PCDP's Health Care team had arranged a programme in the desert to give midwifery kits to all the women who had successfully completed their midwifery training.
Resham, one of the newly qualified midwives, came to the stage and spoke to the assembled crowd of some three hundred people:
“In the past, many mothers died during childbirth, and many babies also died, because in the whole region of Parkar there were no trained midwives or lady doctors.

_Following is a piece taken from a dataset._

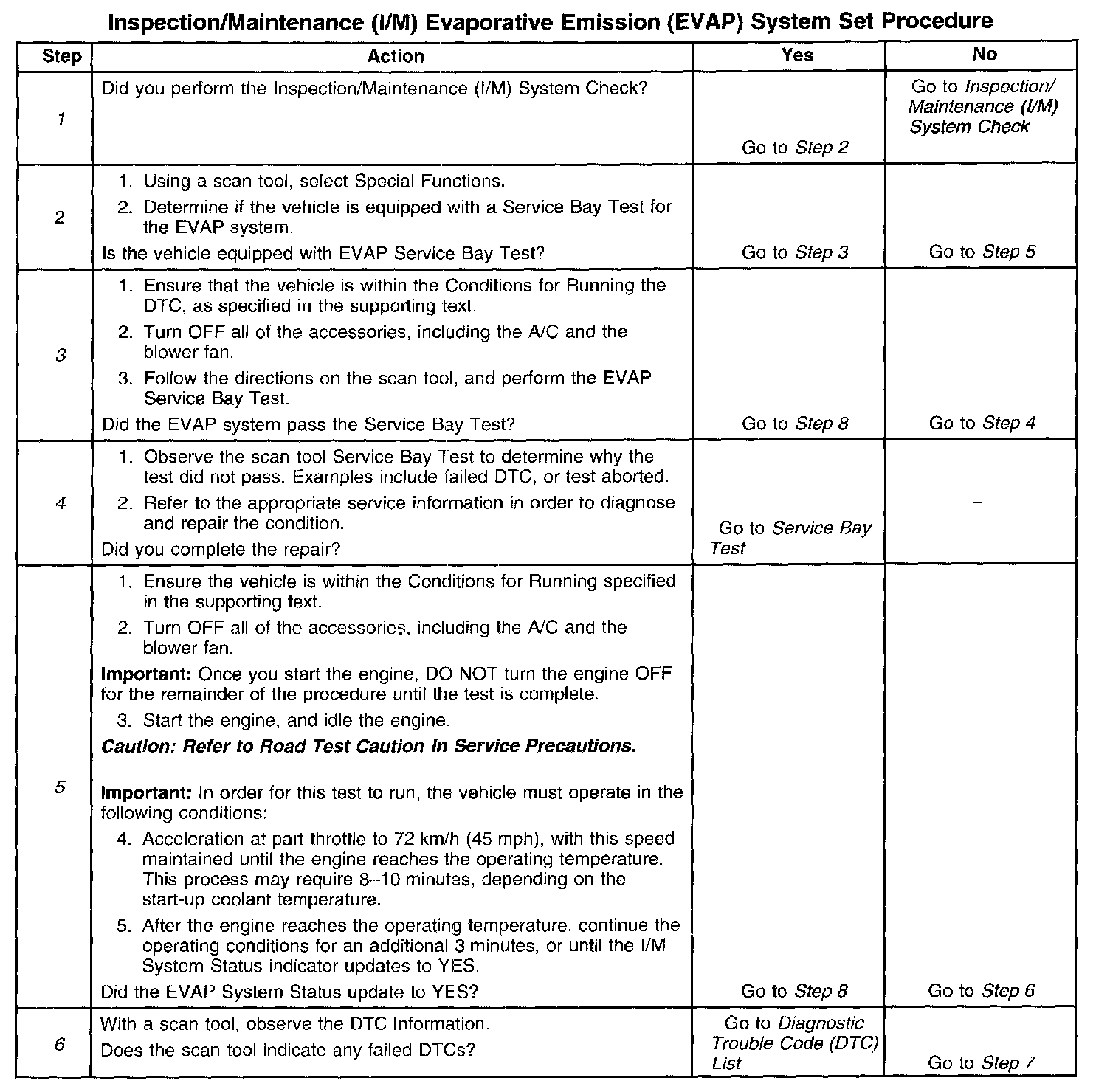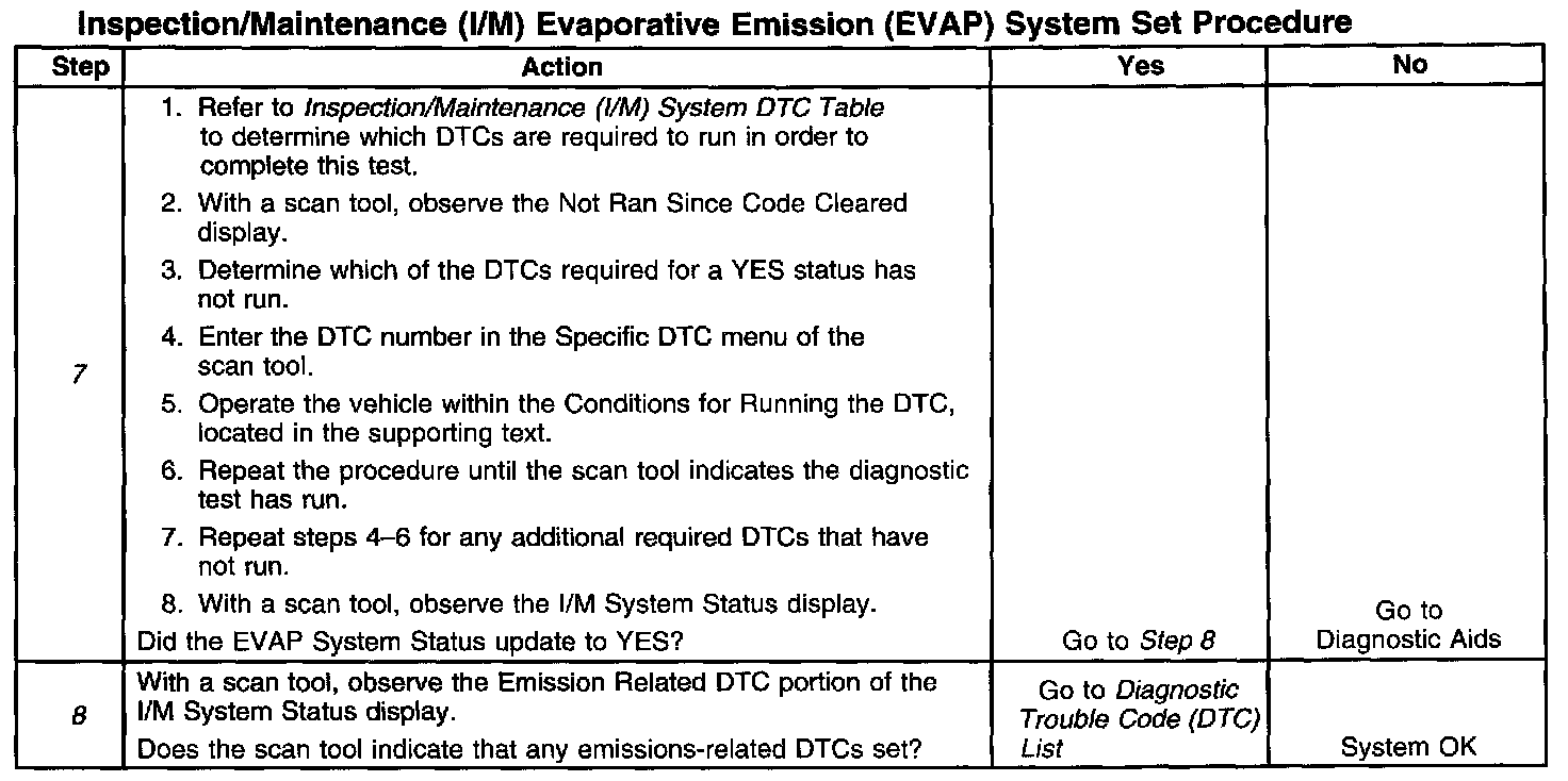 6. This step is to identify a first failure of a type B DTC. A DTC only appears on the I/M System Status display when the DTC becomes a MIL-illuminating DTC. This occurs on the second failure of a type B DTC. A first failure of a type B DTC will not allow the I/M System Status to update to YES. Refer to Diagnostic Aids.

But now that PCDP is working in our area, there has been huge progress in our community. In village after village children are getting a good education, and the midwives who have been trained are working effectively. We are using the methods that we have been taught. And our community is benefiting greatly from this. PCDP has freed our community from many difficulties and hardships.“
The significance of this is not so much that she had been trained in midwifery, nor that she had seen the improvement in survival rates of both mothers and children during childbirth. Nor is it the effect of training and education that was changing community perceptions about their future – from darkness to light! Nor is it that so many children, for the first time, have access to schooling.
No. The most amazing thing is that an illiterate woman, who previously would not have dared to speak in public, let alone on a stage before 300 people, now was addressing an audience of both men and women, and sharing her own experiences and views with confidence and authority.
The voice of women is now being heard in Parkar. And it is the voice of change, of progress, and of a better, brighter future!